Tuesday, April 01, 2014

Analyzing the results of the 2014 judicial primary

What if they gave a primary and nobody voted?

The March 18 Democratic Primary wasn't quite that bad -- but the turnout was abysmally low. Cynthia Dizikes reported in the March 20 editions of the Chicago Tribune,
The turnout was well below the last lowest turnout in modern Chicago history, which occurred during the 2012 primary when roughly 24 percent of registered voters ended up participating. * * *

In Cook County outside Chicago, about 230,000 people -- or roughly 16 percent of registered voters -- made it to the ballot box Tuesday. New Trier Township had the highest showing with about 23 percent turnout, while Hanover Township posted the lowest with about 11 percent.

The last lowest turnout for a nonpresidential primary election was in 1998, when a little less than 24 percent of registered voters weighed in on the races. Two years later, when there was a presidential race to be decided, only 23 percent of voters showed up, the lowest presidential primary turnout in Cook in the past 24 years.
And, not only was the turnout low overall, the bitter Republican gubernatorial primary sucked what little life there was out of the Democratic primary where the only real contested races were for the Metropolitan Water Reclamation District and for the judiciary (no, I'm not counting Quinn v. Hardiman or Tom Dart v. three challengers -- the outcomes there were never in doubt). There is anecdotal evidence for the proposition that several Democratic ward and township organizations encouraged reliable persons to cross over to the Republican primary and vote against Bruce Rauner. Cook County Clerk David Orr's office has data which, at least for the suburbs, supports those anecdotes: "Republican ballots were cast by 55 percent of voters in suburban Cook County. In the last Gubernatorial Primary (2010) Republican ballots accounted for 35 percent of all ballots cast." Conversely, "Democratic ballots were cast by 44.5 percent of suburban Cook County voters. This is down from 65 percent in the 2010 primary."

Now the conventional wisdom is that a low-turnout race favors an established political organization.

But the Cook County Democratic Party carried five of six contested countywide Circuit Court races, and one of the two contested races for the Appellate Court. Now, don't get me wrong: Six out of eight is not a bad percentage in any league. But if low turnout is supposed to favor the established political organization, one might have thought that this slate should have had the best possible chance for unanimous success. It's possible that unions and local organizations 'peeling off' some of their voters to try and derail Rauner may have have hurt the chances of the Party's slated candidate for the Gordon vacancy on the Appellate Court, Judge Freddrenna M. Lyle. That race wound up fairly close.

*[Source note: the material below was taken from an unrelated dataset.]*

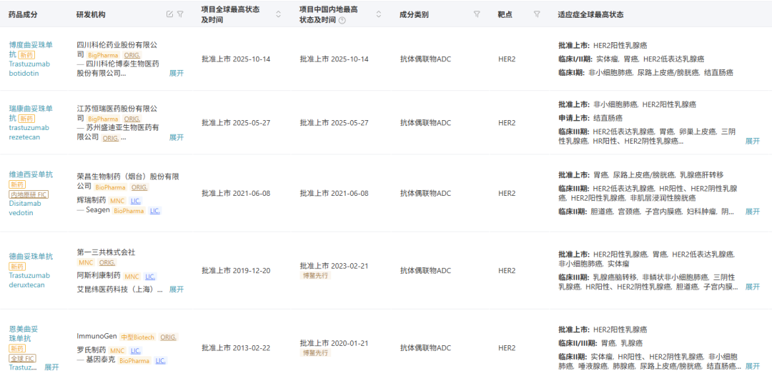 HER2 当属于肿瘤领域最热门的靶点之一。 据 Insight 数据库统计 , 当前全球已有超40个临床阶段 HER2 ADC 项目 (排除非积极)在研,其中在国内获批上市的已有5款之多,包括罗氏恩美曲妥珠单抗 、 第一三共/阿斯利康德曲妥珠单抗 、 荣昌生物的维迪西妥单抗、科伦博泰的博度曲妥珠单抗以及恒瑞医药的瑞康曲妥珠单抗。

But in the race for the countywide Arnold vacancy, the Party's slated candidate lost to Bridget Anne Mitchell by 63,518 votes, 63.7% to 36.3%, a margin that was pretty consistent in city and suburbs both. There were some local variations, certainly: Mitchell got over 80% of the vote in her home ward, the 19th. But it wasn't a situation where the Party 'dumped' their candidate -- or where a lot of committeemen dumped their nominal candidate -- but, even so, the Party carried only one Chicago ward for their candidate in this race (Michael Madigan's 13th Ward -- and only by a margin of 51-49 there).

I'm going to go out on a limb here and suggest that -- at least in this election -- the greatest service provided by the Cook County Democratic Party for its slate was, in several cases, clearing the field -- driving out a number of candidates before the election, allowing five countywide Circuit Court candidates and one Appellate Court candidate to run unopposed.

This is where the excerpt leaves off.